Python sorts "u11-Phrase 1000.wav" before "u11-Phrase 101.wav"; how can i overcome this?

Question

Python sorts "u11-Phrase 1000.wav" before "u11-Phrase 101.wav"; how can i overcome this?

I am running Python 2.5 (r25: 51908, Sep 19 2006, 09:52:17) [MSC v.1310 32 bit (Intel)] when winning 32

When I ask Python

>>> "u11-Phrase 099.wav" < "u11-Phrase 1000.wav" True

It's good. When I ask

 >>> "u11-Phrase 100.wav" < "u11-Phrase 1000.wav" True

It's also good.

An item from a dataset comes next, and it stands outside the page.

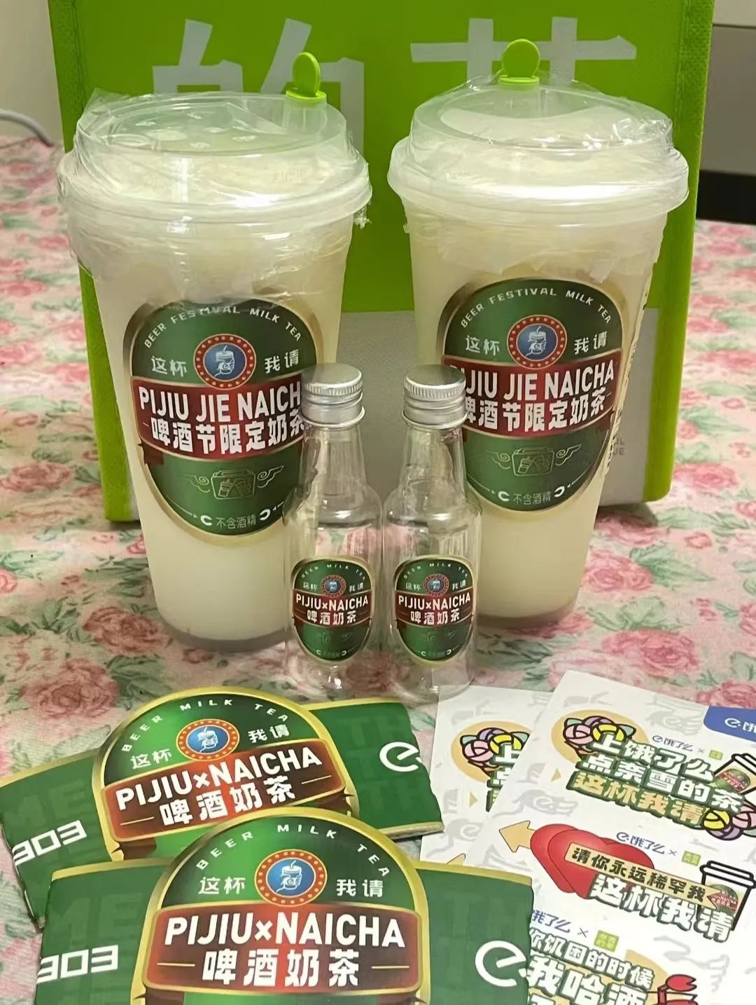 一向热衷于联名的奈雪的茶,近日和青岛啤酒节、饿了么联名推出了啤酒节限定款「栀子绿生椰奶茶套餐」以及包括青岛啤酒小酒瓶、青岛啤酒节主题贴纸、纸袋和杯套等限量啤酒节周边。本次联名设计以青岛啤酒标志性的绿色为主色调,带有鲜明的青岛地域印记。周边设计上,青岛啤酒小酒瓶复刻了瓶装青岛啤酒包装,仅在细节商标处用奶茶图标替换了青岛标志性地标栈桥,契合新茶饮与啤酒节跨界联动的主题。
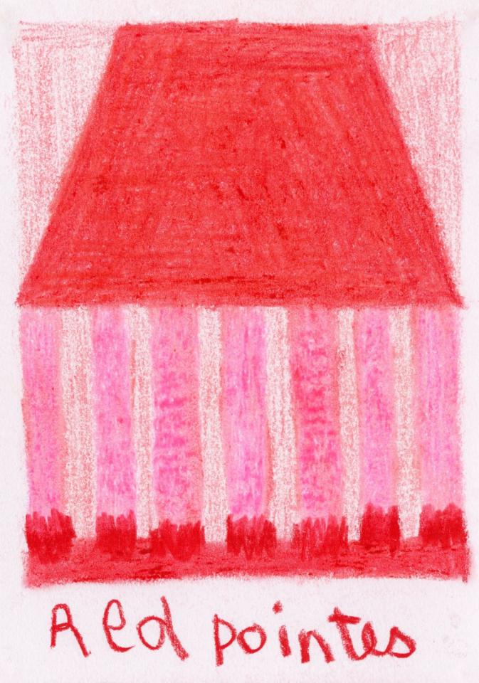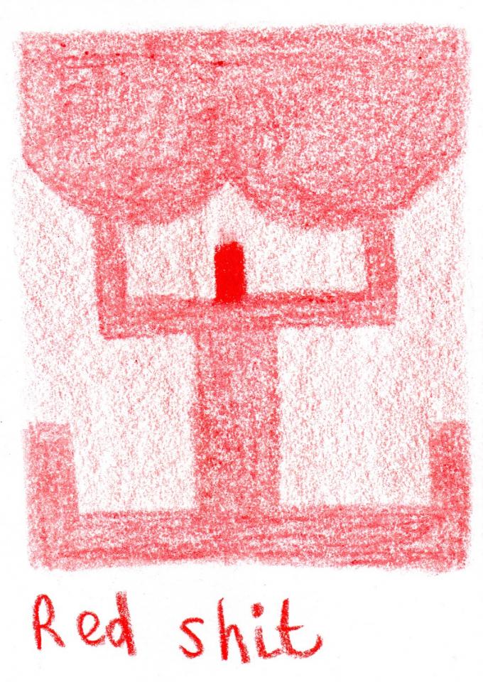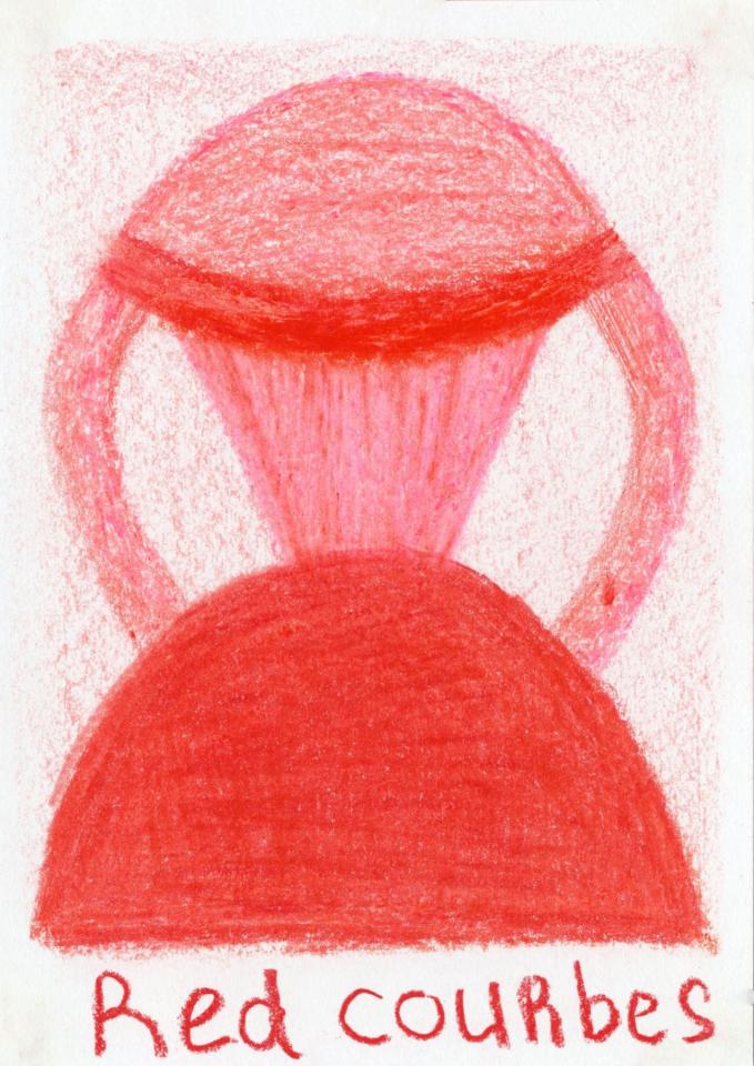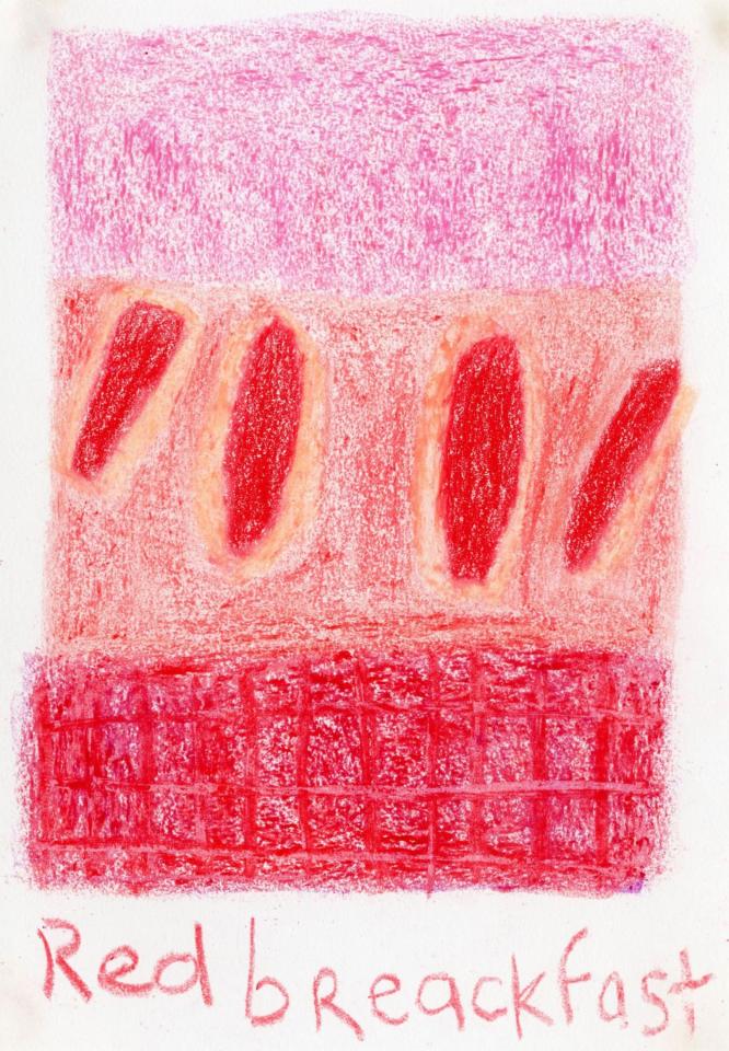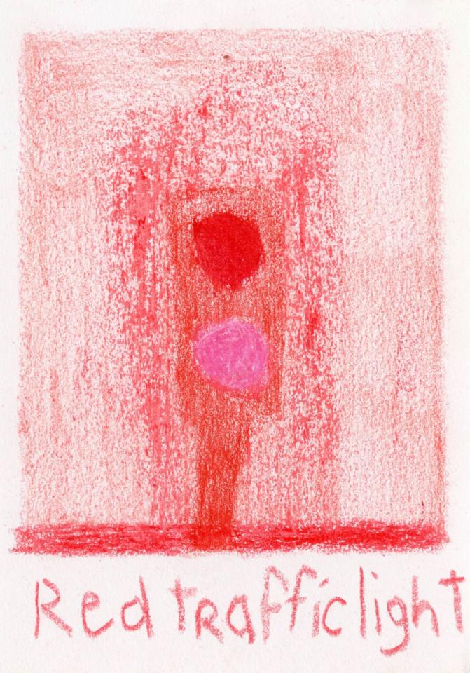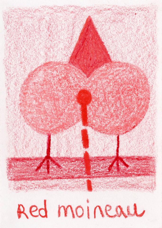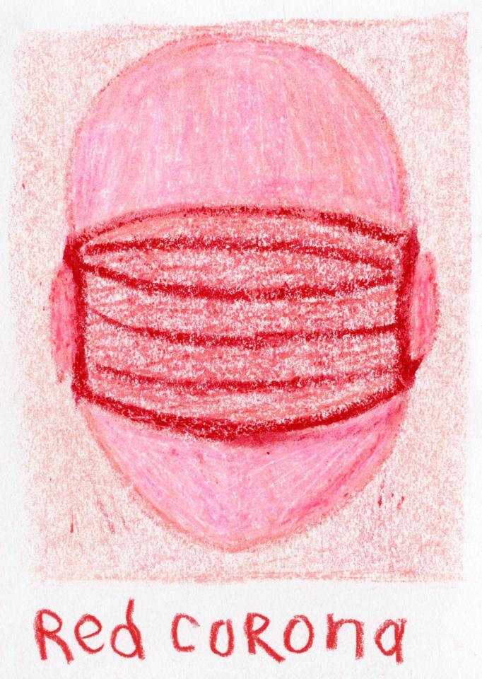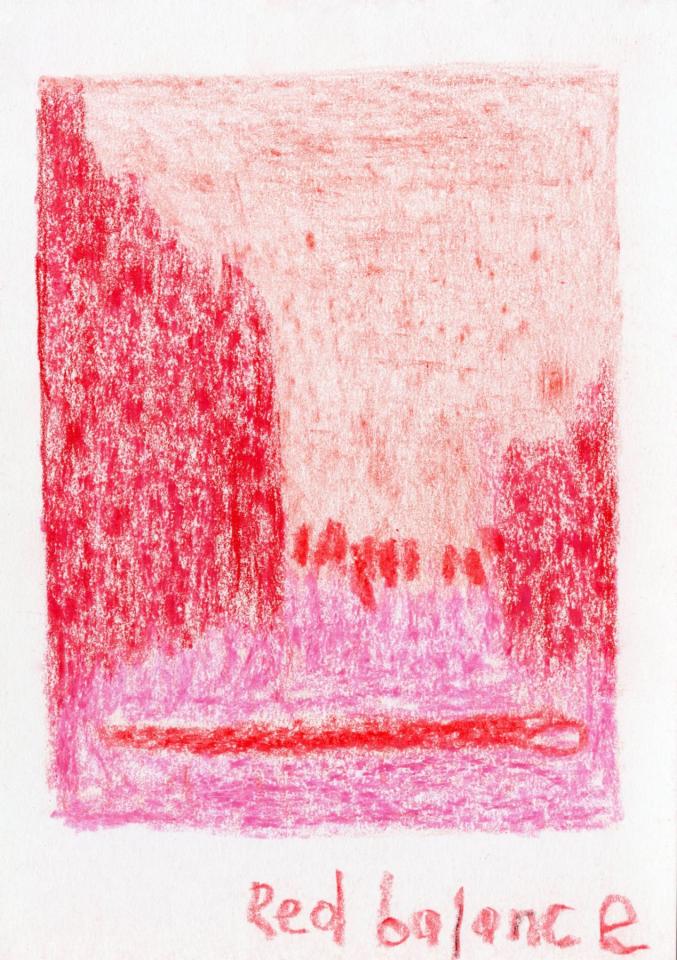 Corpus de dessins, crayon de couleur et pastel sur papier, 14,8 x 21 cm.

But when I ask

 >>> "u11-Phrase 101.wav" < "u11-Phrase 1000.wav" False

So, according to Python, "u11-Phrase 100.wav" precedes "u11-Phrase 1000.wav", but "u11-Phrase 101.wav" appears after "u11-Phrase 1000.wav"! And this is problematic for me, because I'm trying to write a file rename program, and such sorting violates the functionality.

What can I do to overcome this? Should I write my own cmp function and check for edge cases, or is there a much simpler shortcut to give me the order I want?

On the other hand, if I change lines like

 >>> "u11-Phrase 0101.wav" < "u11-Phrase 1000.wav" True

However, these lines are taken from the list of directory files, for example:

 files = glob.glob('*.wav') files.sort() for file in files: ...

Therefore, I would prefer not to do string operations after they were created by glob. And no, I do not want to change the original file names in this folder.

Any clues?

+6

python sorting

Emre sevinç Dec 21 '09 at 13:17

source share

2 answers

You need to create the correct sort key for each file name. Something like this should do what you want:

 import re def k(s): return [w.isdigit() and int(w) or w for w in re.split(r'(\d+)', s)] files = ["u11-Phrase 099.wav", "u11-Phrase 1000.wav", "u11-Phrase 100.wav"] print files print sorted(files, key=k)

It outputs this result:

 ['u11-Phrase 099.wav', 'u11-Phrase 1000.wav', 'u11-Phrase 100.wav'] ['u11-Phrase 099.wav', 'u11-Phrase 100.wav', 'u11-Phrase 1000.wav']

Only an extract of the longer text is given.